AIM OF THE EXERCISE: Line by line, output the data that follows exactly as written.
[Start of section]
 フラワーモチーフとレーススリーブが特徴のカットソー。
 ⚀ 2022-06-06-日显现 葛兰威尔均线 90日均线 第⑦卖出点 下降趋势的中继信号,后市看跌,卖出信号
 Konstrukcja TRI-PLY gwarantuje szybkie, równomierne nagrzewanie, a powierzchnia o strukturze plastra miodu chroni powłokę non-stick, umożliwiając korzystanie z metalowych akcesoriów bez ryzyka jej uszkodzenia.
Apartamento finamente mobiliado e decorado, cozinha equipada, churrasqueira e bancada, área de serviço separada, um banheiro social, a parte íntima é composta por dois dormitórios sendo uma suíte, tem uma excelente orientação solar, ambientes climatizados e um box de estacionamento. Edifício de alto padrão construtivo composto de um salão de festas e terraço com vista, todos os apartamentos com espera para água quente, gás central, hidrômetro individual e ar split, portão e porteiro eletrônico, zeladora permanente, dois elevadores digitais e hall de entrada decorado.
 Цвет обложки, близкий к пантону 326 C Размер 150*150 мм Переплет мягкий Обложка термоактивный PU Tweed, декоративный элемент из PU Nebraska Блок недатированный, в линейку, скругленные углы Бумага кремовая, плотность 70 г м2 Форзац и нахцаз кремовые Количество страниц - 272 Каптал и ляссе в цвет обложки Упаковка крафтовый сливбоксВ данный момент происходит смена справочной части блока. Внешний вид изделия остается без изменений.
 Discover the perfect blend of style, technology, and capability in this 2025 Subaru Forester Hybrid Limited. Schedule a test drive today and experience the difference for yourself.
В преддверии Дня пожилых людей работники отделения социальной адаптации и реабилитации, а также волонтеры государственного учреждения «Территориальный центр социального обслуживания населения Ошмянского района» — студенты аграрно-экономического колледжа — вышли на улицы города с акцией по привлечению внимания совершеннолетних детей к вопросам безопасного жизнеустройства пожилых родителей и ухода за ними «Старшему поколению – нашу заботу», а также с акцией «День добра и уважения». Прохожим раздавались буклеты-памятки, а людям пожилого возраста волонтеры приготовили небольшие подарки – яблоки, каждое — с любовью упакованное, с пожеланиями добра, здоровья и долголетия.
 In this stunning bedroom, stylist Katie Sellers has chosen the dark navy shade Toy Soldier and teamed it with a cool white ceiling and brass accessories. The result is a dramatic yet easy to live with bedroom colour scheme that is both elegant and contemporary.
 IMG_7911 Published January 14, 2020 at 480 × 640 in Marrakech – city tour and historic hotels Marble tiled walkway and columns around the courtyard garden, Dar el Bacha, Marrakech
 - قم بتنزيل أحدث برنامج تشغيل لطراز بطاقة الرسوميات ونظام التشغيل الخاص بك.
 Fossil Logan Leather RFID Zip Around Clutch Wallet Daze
[End of section]
ANSWER SECTION:
 フラワーモチーフとレーススリーブが特徴のカットソー。
 ⚀ 2022-06-06-日显现 葛兰威尔均线 90日均线 第⑦卖出点 下降趋势的中继信号,后市看跌,卖出信号
 Konstrukcja TRI-PLY gwarantuje szybkie, równomierne nagrzewanie, a powierzchnia o strukturze plastra miodu chroni powłokę non-stick, umożliwiając korzystanie z metalowych akcesoriów bez ryzyka jej uszkodzenia.
Apartamento finamente mobiliado e decorado, cozinha equipada, churrasqueira e bancada, área de serviço separada, um banheiro social, a parte íntima é composta por dois dormitórios sendo uma suíte, tem uma excelente orientação solar, ambientes climatizados e um box de estacionamento. Edifício de alto padrão construtivo composto de um salão de festas e terraço com vista, todos os apartamentos com espera para água quente, gás central, hidrômetro individual e ar split, portão e porteiro eletrônico, zeladora permanente, dois elevadores digitais e hall de entrada decorado.
 Цвет обложки, близкий к пантону 326 C Размер 150*150 мм Переплет мягкий Обложка термоактивный PU Tweed, декоративный элемент из PU Nebraska Блок недатированный, в линейку, скругленные углы Бумага кремовая, плотность 70 г м2 Форзац и нахцаз кремовые Количество страниц - 272 Каптал и ляссе в цвет обложки Упаковка крафтовый сливбоксВ данный момент происходит смена справочной части блока. Внешний вид изделия остается без изменений.
 Discover the perfect blend of style, technology, and capability in this 2025 Subaru Forester Hybrid Limited. Schedule a test drive today and experience the difference for yourself.
В преддверии Дня пожилых людей работники отделения социальной адаптации и реабилитации, а также волонтеры государственного учреждения «Территориальный центр социального обслуживания населения Ошмянского района» — студенты аграрно-экономического колледжа — вышли на улицы города с акцией по привлечению внимания совершеннолетних детей к вопросам безопасного жизнеустройства пожилых родителей и ухода за ними «Старшему поколению – нашу заботу», а также с акцией «День добра и уважения». Прохожим раздавались буклеты-памятки, а людям пожилого возраста волонтеры приготовили небольшие подарки – яблоки, каждое — с любовью упакованное, с пожеланиями добра, здоровья и долголетия.
 In this stunning bedroom, stylist Katie Sellers has chosen the dark navy shade Toy Soldier and teamed it with a cool white ceiling and brass accessories. The result is a dramatic yet easy to live with bedroom colour scheme that is both elegant and contemporary.
 IMG_7911 Published January 14, 2020 at 480 × 640 in Marrakech – city tour and historic hotels Marble tiled walkway and columns around the courtyard garden, Dar el Bacha, Marrakech
 - قم بتنزيل أحدث برنامج تشغيل لطراز بطاقة الرسوميات ونظام التشغيل الخاص بك.
 Fossil Logan Leather RFID Zip Around Clutch Wallet Daze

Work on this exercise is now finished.